Outside the gate, I could see a red blinking neon on a bar across the way. It was mid-morning, but it was open. “Not a friendly dump,” the Marine guard said when I asked about the place. “It’s a longshoremen’s hangout, and they don’t like navy types there.” I had no quarrel with longshoremen, and I felt like a beer. None of the others wanted to go, so I left my seabag in the guard shack and beaded toward the bar.
It was a dark, dingy place, and it smelled of stale beer. Sitting at one end of the bar were several dockworkers in overalls. They wore heavy boots and metal safety hats. They weren’t very friendly looking. Above the bar was a television. My first thought was to ask the bartender, after I got my beer, to turn it on. I’d tell him that I had never seen television before. That might amuse him. He was cleaning a glass, and when he saw me approach, he placed the glass on the bar. “Something you want?’ he asked. There was no cheer in his tone of voice.
“Yeah, a beer,” I said.
“Is that right. Well, then, you got identification?” he asked in a raised voice for the others to hear. All conversation stopped. The bartender picked up the glass, turned it upside down and placed it on the bar.
“Identification? Why do I need identification?” I asked.
“You gotta be 21 to drink in here,” he said.
“What the hell you talking about!” I said. I was hot under the collar now. “I just got off that ship, and you mean to tell me I can’t get a drink.”
“What I’m telling you is,” he said, “you had better turn your ass around, march right for that door, and get the hell out of here.”
Ten thousand gobs laid down their swabs-where in the hell are you, Terry and Chandler and Stevenson? Where in the hell are all you guys? I know, scattered out across America, sitting in your new civvies, watching television, getting fat on your wives’ and your mothers’ cooking? Where in the hell are you when it’s time to help a Marine buddy clean up a bar, as you all had done so often in China?

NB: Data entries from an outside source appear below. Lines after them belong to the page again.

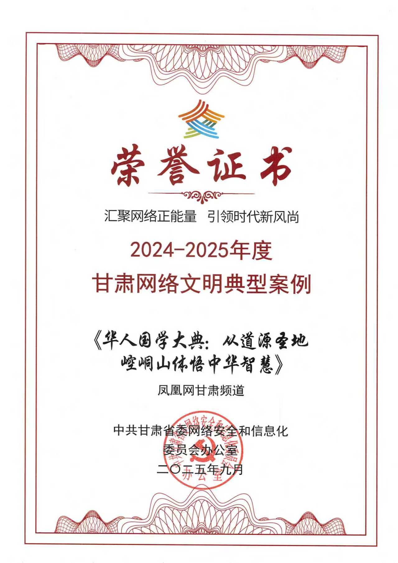 近日,中共甘肃省委网络安全和信息化委员会办公室正式公布“*********年度甘肃网络文明典型案例”评选结果,由凤凰网甘肃频道和平凉文旅投公司联合策划推出的《华人国学大典:从道源圣地崆峒山体悟中华智慧》成功入选。这一荣誉不仅是对该活动在传播中华优秀传统文化、凝聚网络正能量方面突出贡献的高度认可,更成为崆峒山景区依托系列文化活动推进品牌建设、实现文旅高质量发展的有力见证。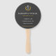 Set of 10 round wedding program fans featuring a charcoal front with a white horse head outline, gold laurel wreath, and crisp white customizable text. The back is white with a minimalist black horse head and gold wreath, plus a small gold accent bar near the handle for a refined, cohesive look. Perfect for brides-to-be, equestrian event planners, wedding planners, and elegant minimalist celebrations.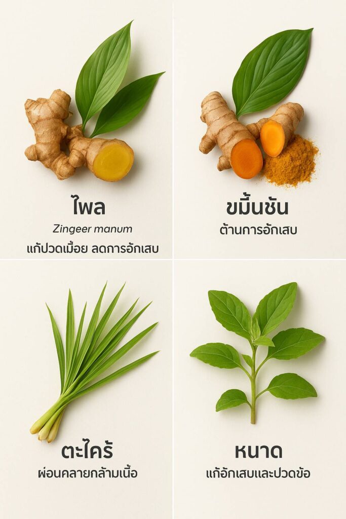 สมุนไพรหลายชนิดมีฤทธิ์ช่วยลดการอักเสบ คลายกล้ามเนื้อ และบรรเทาอาการปวดได้อย่างดี ได้แก่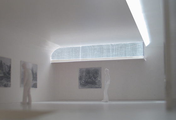 Beim Projekt für das Kunstmuseum Kalmar (2004) entsteht -in Analogie zu einer Serie von Arbeiten Eduardo Chilidas- der Baukörper aus der Auffaltung einer einzigen Fläche. Hier geht es darum, das Verhältnis von offenen und geschlossenen Partien der Fassade neu einzutarieren: In diesem Museumsbau dominiert aus konservatorischen Gründen die geschlossene Außenwand. Umso wichtiger werden die wenigen Öffnungen, die zwischen den geschlossenen Wänden Ausblicke und kontrollierten Tageslichteinfall erlauben.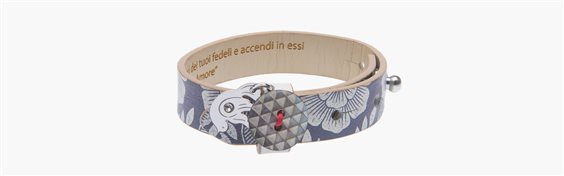 Bracciale in vera pelle stampata con passante in pelle con charms argento 925 e punto luce Swarovski original e bottone in madreperla laserato con filo colorato. Scatola personalizzata completa di pieghevole all'interno.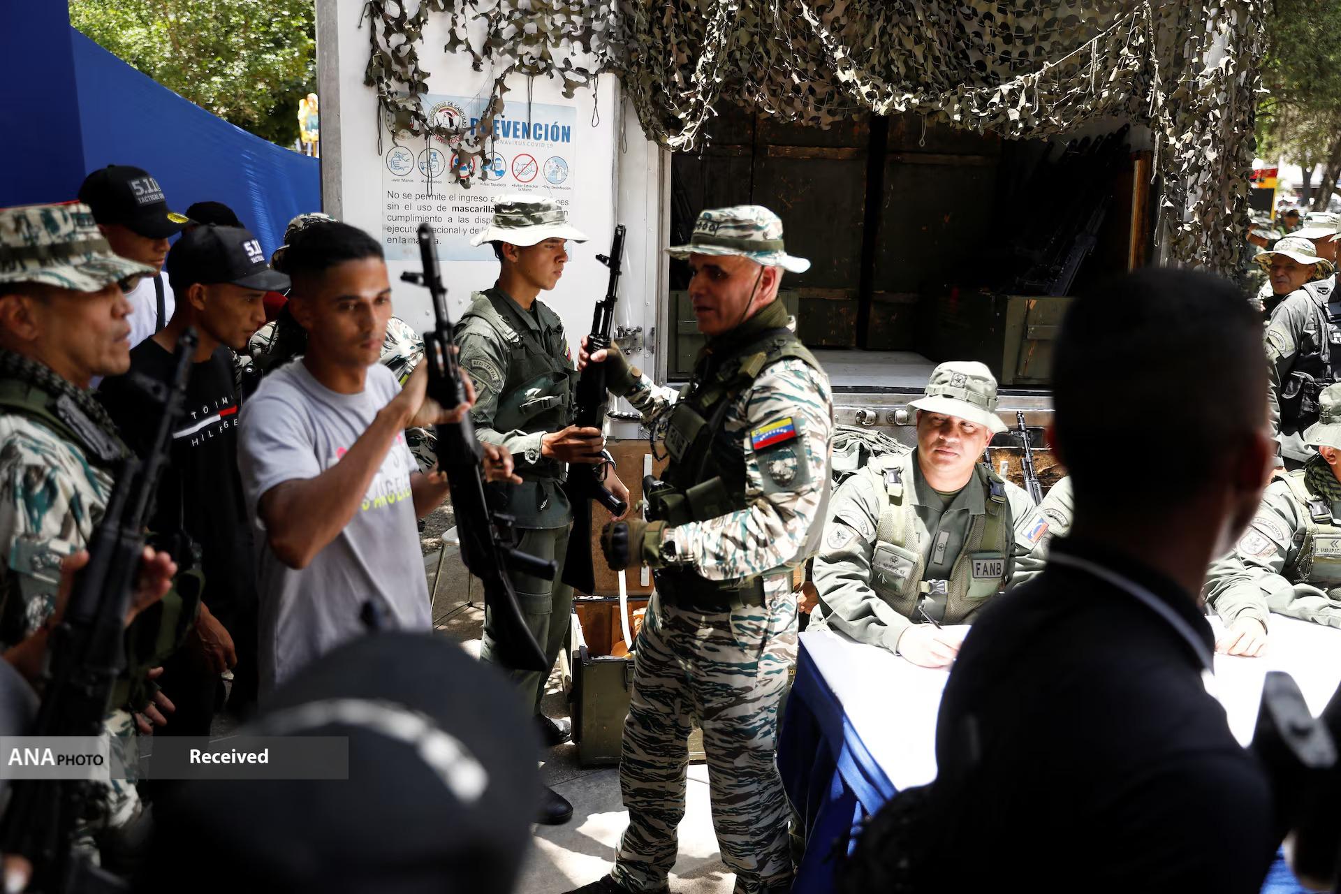نیروهای نظامی ونزوئلا با تشدید تنشها با ایالات متحده بر سر افزایش حضور نظامی آمریکا در کارائیب و حملات اخیر به کشتیهای ونزوئلایی، خودروهای زرهی را به کار گرفتند و آموزش کار با سلاح را برای غیرنظامیان در کاراکاس انجام دادند.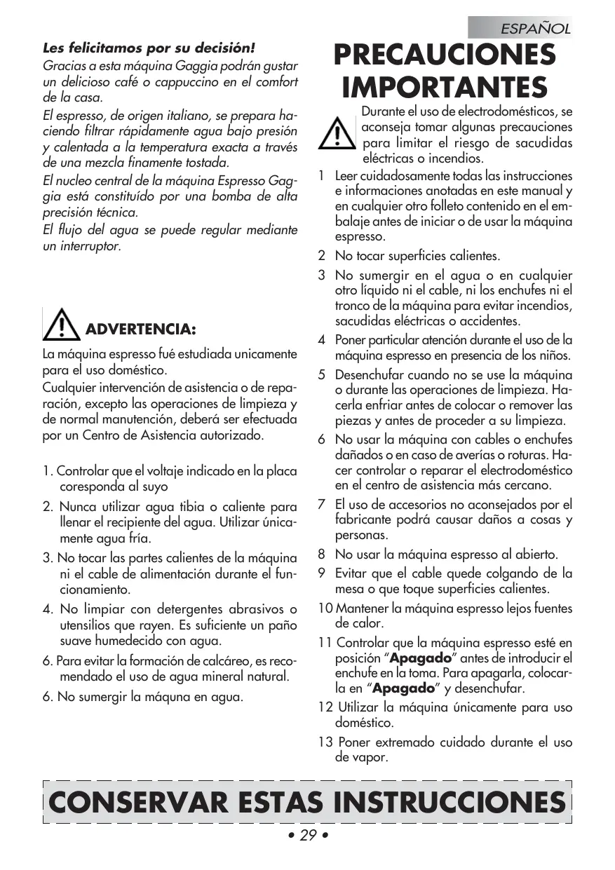 1 Leer cuidadosamente todas las instrucciones e informaciones anotadas en este manual y en cualquier otro folleto contenido en el embalaje antes de iniciar o de usar la máquina espresso. 2 No tocar superficies calientes. 3 No sumergir en el agua o en cualquier otro líquido ni el cable, ni los enchufes ni el tronco de la máquina para evitar incendios, sacudidas eléctricas o accidentes. 4 Poner particular atención durante el uso de la máquina espresso en presencia de los niños. 5 Desenchufar cuando no se use la máquina o durante las operaciones de limpieza. Hacerla enfriar antes de colocar o remover las piezas y antes de proceder a su limpieza. 6 No usar la máquina con cables o enchufes dañados o en caso de averías o roturas. Hacer controlar o reparar el electrodoméstico en el centro de asistencia más cercano. 7 El uso de accesorios no aconsejados por el fabricante podrá causar daños a cosas y personas. 8 No usar la máquina espresso al abierto. 9 Evitar que el cable quede colgando de la mesa o que toque superficies calientes. 10 Mantener la máquina espresso lejos fuentes de calor. 11 Controlar que la máquina espresso esté en posición “Apagado” antes de introducir el enchufe en la toma. Para apagarla, colocarla en “Apagado” y desenchufar. 12 Utilizar la máquina únicamente para uso doméstico. 13 Poner extremado cuidado durante el uso de vapor.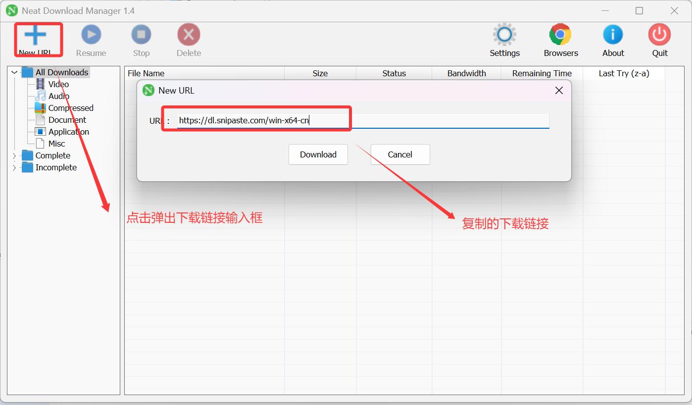接着回到 NDM 界面,选择“New URI”,在弹出的输入框中粘贴复制的下载链接: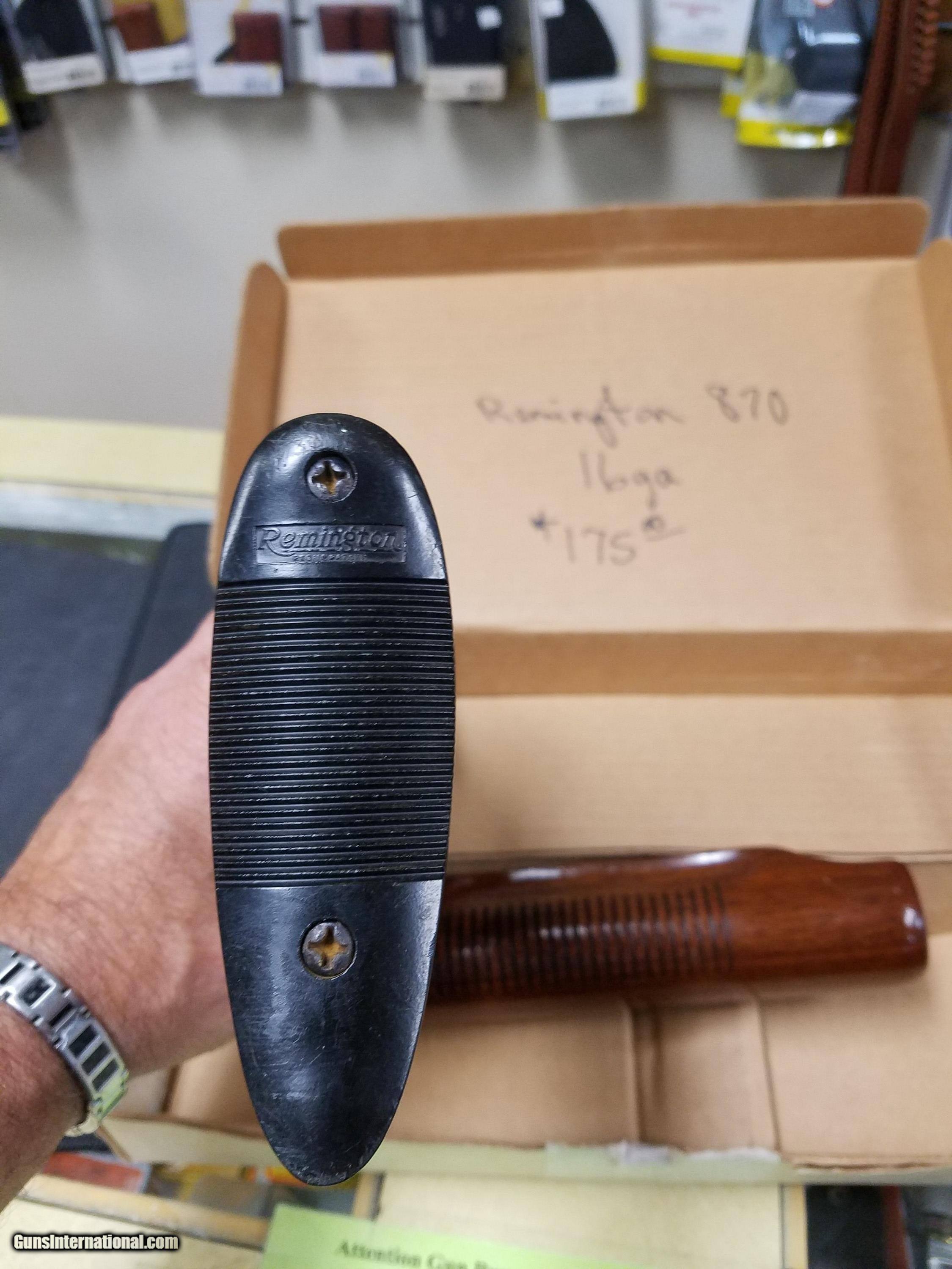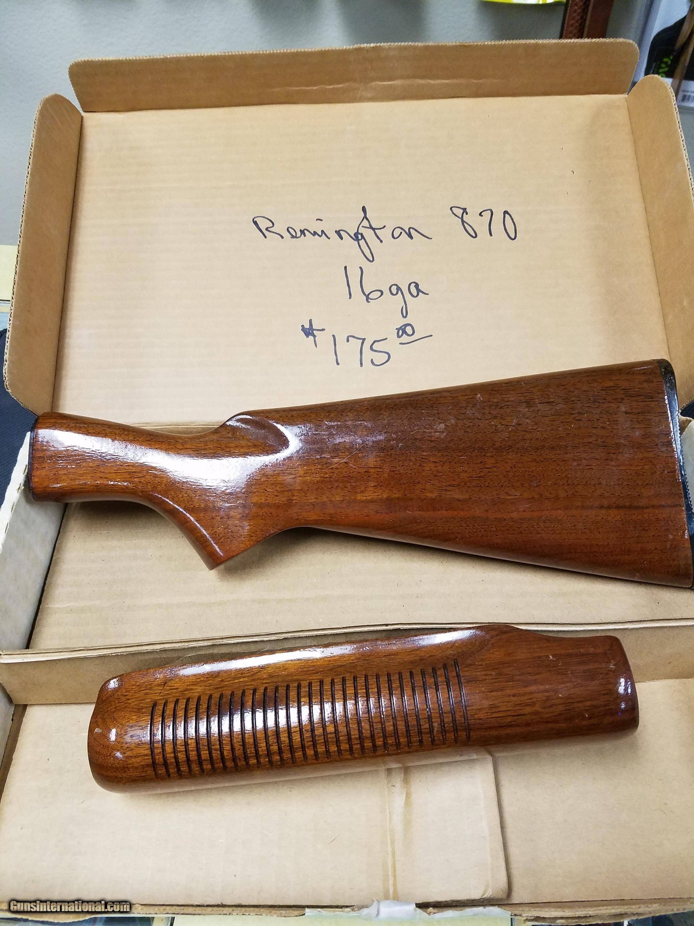 Description: A high condition Remington 870 stock set that is labeled 16ga. Very minimal wear or denting. Original length of pull. If you every wanted to update grandads gun this set would be a great start! Please call or email with any questions. Cash or check only for the stock set. There is a $20 shipping charge for this item and is NOT refundable. Insurance may be extra. Thank you, Darryl Howard SOLD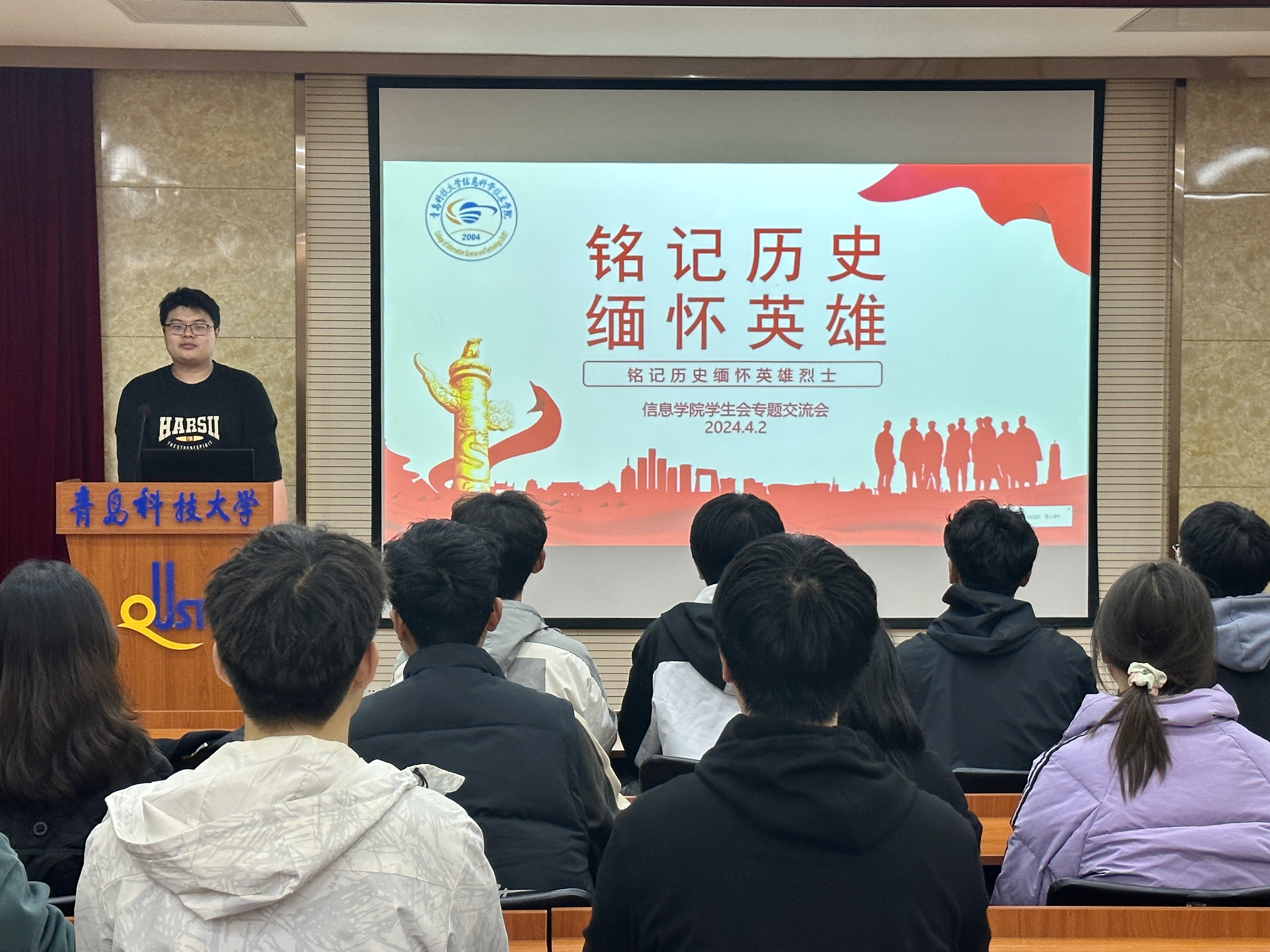 深化爱国教育,汲取奋进力量。4月2日下午,信息学院在402报告厅开展“缅英烈,追思扬魂”主题团课活动,学院团委书记曲智强担任主讲人,近100位团员参加活动。曲智强从“清明节的文化内涵”“聆听前人先烈事迹”“清明追思缅怀先烈”三个方面深入浅出的展开讲解,他指出,青年学生应时常反思自我,以史为鉴,通过学习革命先烈的精神,不断提升自我能力,做到知行合一。要结合国家发展大趋势,借助大学这个平台,丰富人生体验,探寻人生路径,明确人生目标,将革命精神真正融入新时代学习当中去。
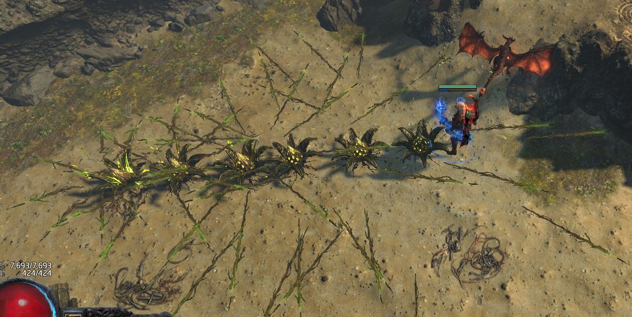 天灾之箭孢子的多段hit决定了他可以像龙卷射击一样,利用深渊珠宝堆元素点伤来作为主要伤害来源。而天灾之箭不但有龙卷射击一样的投射物覆盖范围,和不用瞄准的特性,同时天灾之箭的伤害系数更高,更适合攻坚。

There were no Marines to help me here. I was home, after almost four years, and couldn’t even get a beer. Nor could I even tell these early morning drunks that when I left a couple of years ago, there were people outside waving flags and cheering, and a band was playing a John Philip Sousa’s march. There was a girl in black and she said she would be waiting until every single one of us got back. Well, there were a lot of us who weren’t coming back, ever, but there was no reason for that girl in black not to be here. Would these guys sitting there, sneering at me, would they understand about Okinawa and China, about napalm-filled caves and suicide bombers and tortured comfort women and the balu on the march? Would it do any good to tell them about Hecklinger and Melanowski, and Little Lew. They might laugh when I told them about Little Lew, and might say he was only a little gook kid anyway. Would it matter to them that Katarina might be dead, or if she wasn’t, she’d probably be in a labor camp in Siberia somewhere, and Ming-Lee might well be in a Chinese reformation camp.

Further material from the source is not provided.